108 Yves Bonard et Vincent Capt, « Dérive et dérivation. Le parcours urbain contemporain, poursuite des écrits situationnistes? », Articulo-Journal of Urban Research, [En ligne], Special issue 2, 2009, articulo.revues.org, page consultée le 10 septembre 2014.

109 Alexis L’Allier, « La déambulation, entre nature et culture », dans André Carpentier et Alexis L’Allier (dir.), Les écrivains déambulateurs : poètes et déambulateurs de l’espace urbain, Centre de recherche Figura sur le texte et l’imaginaire, UQAM, Montréal, 2004, p. 16.

110 Idem.

111 Bernard Émond, Ceux qui ont le pas léger meurent sans laisser de traces, Cinéma libre, Montréal, 1992, cité dans Alexis L’Allier, op.cit, p. 15.

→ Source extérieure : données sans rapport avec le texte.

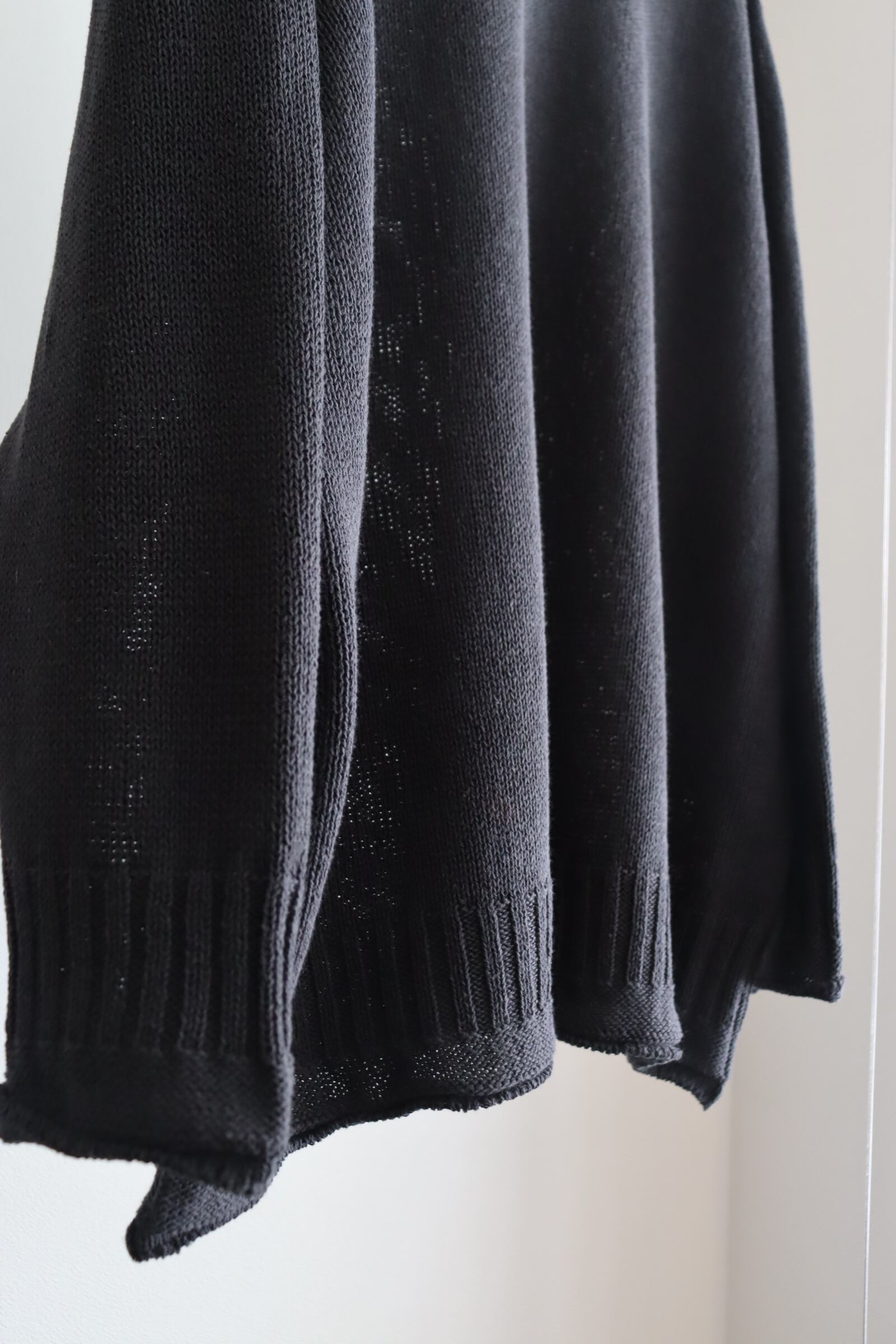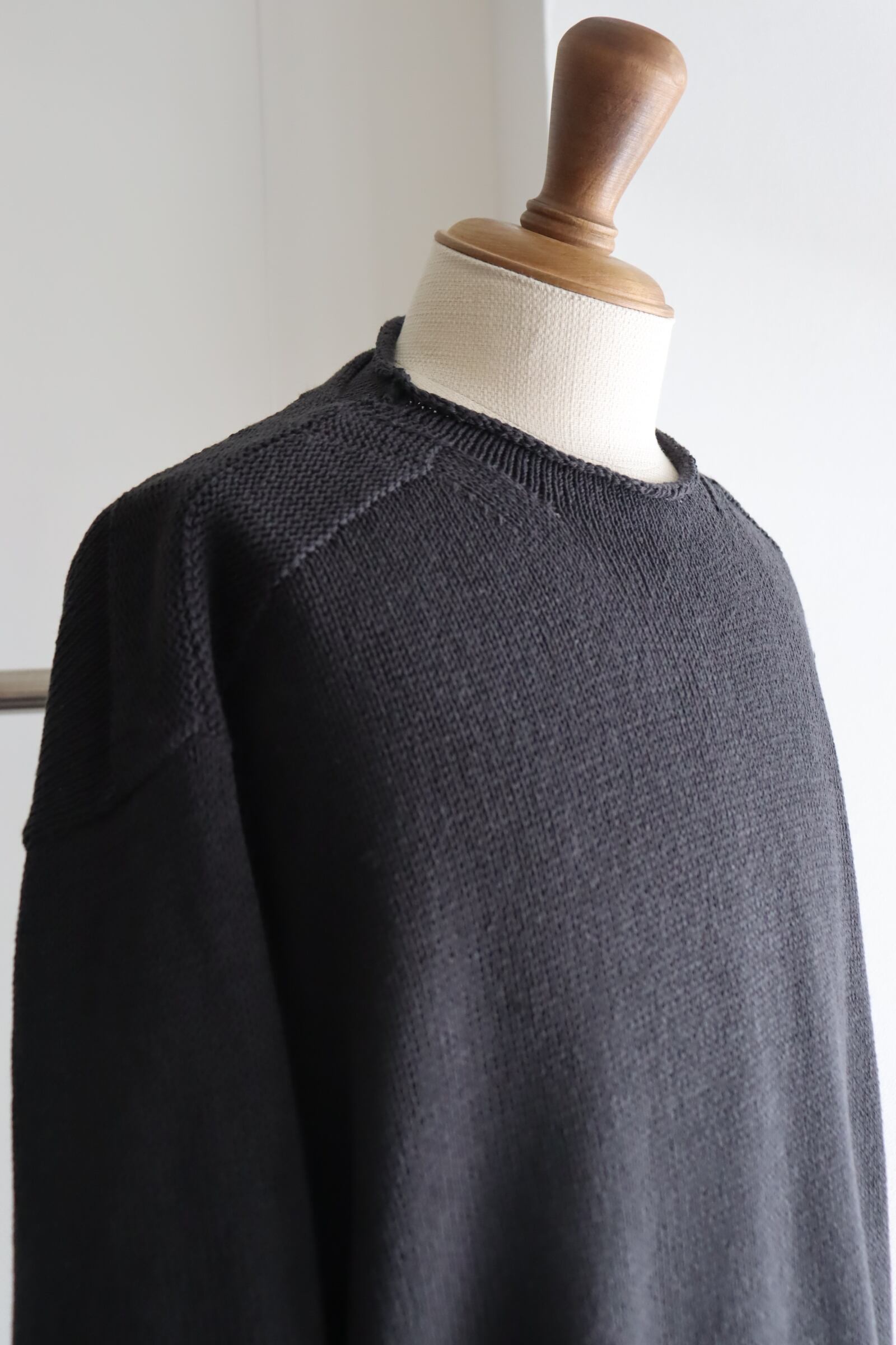 空紡糸に樹脂加工された糸を採用し、ドライタッチなシャリ感で麻にも似た清涼感のある肌触りのニットになります。5ゲージでローゲージとミドルゲージの間位の肉感となります。

La faculté de parcourir le territoire, de se l’approprier à travers l’expérience même de la marche permet chez certains artistes et auteurs contemporains d’entrevoir un renouveau de l’état de nomadisme et de déambulation. Cette volonté d’arpenter le territoire est à l’origine de plusieurs créations artistiques actuelles, que ce soit dans le milieu des arts visuels, des arts médiatiques, de la performance, de la poésie, etc. Cette utilisation n’est pas sans rappeler l’idée quasi mythique du « flâneur » émanant de la littérature de Baudelaire et théorisée par Walter Benjamin. Le philosophe de l’esthétique et critique d’art indique au sujet cet être mélancolique baudelairien :

C’est là le regard d’un flâneur, dont le genre de vie dissimule derrière un mirage bienfaisant la détresse des habitants futurs de nos métropoles. Le flâneur cherche un refuge dans la foule. La foule est le voile à travers lequel la ville familière se meut pour le flâneur en fantasmagorie. Cette fantasmagorie, où elle apparaît tantôt comme un paysage, tantôt comme une chambre, semble avoir inspiré par la suite le décor des grands magasins, qui mettent ainsi la flânerie même au service de leur chiffre d’affaires. Quoi qu’il en soit les grands magasins sont les derniers parages de la flânerie112.

La description que fait Walter Benjamin du flâneur a des familiarités avec le concept de dérive et de psychogéographie de Guy Debord. Cet état d’ouverture du marcheur permettant la découverte de sensations à même la ville et la foule peut se rapprocher de plusieurs démarches artistiques actuelles. Dans le projet Minorité invisible113, la dérive se réalise par la marche à travers le milieu de vie des personnes aveugles et la découverte de nouvelles sensations psychogéographiques, de nature sonore et corporelle (toucher, équilibre, mobilité, etc.).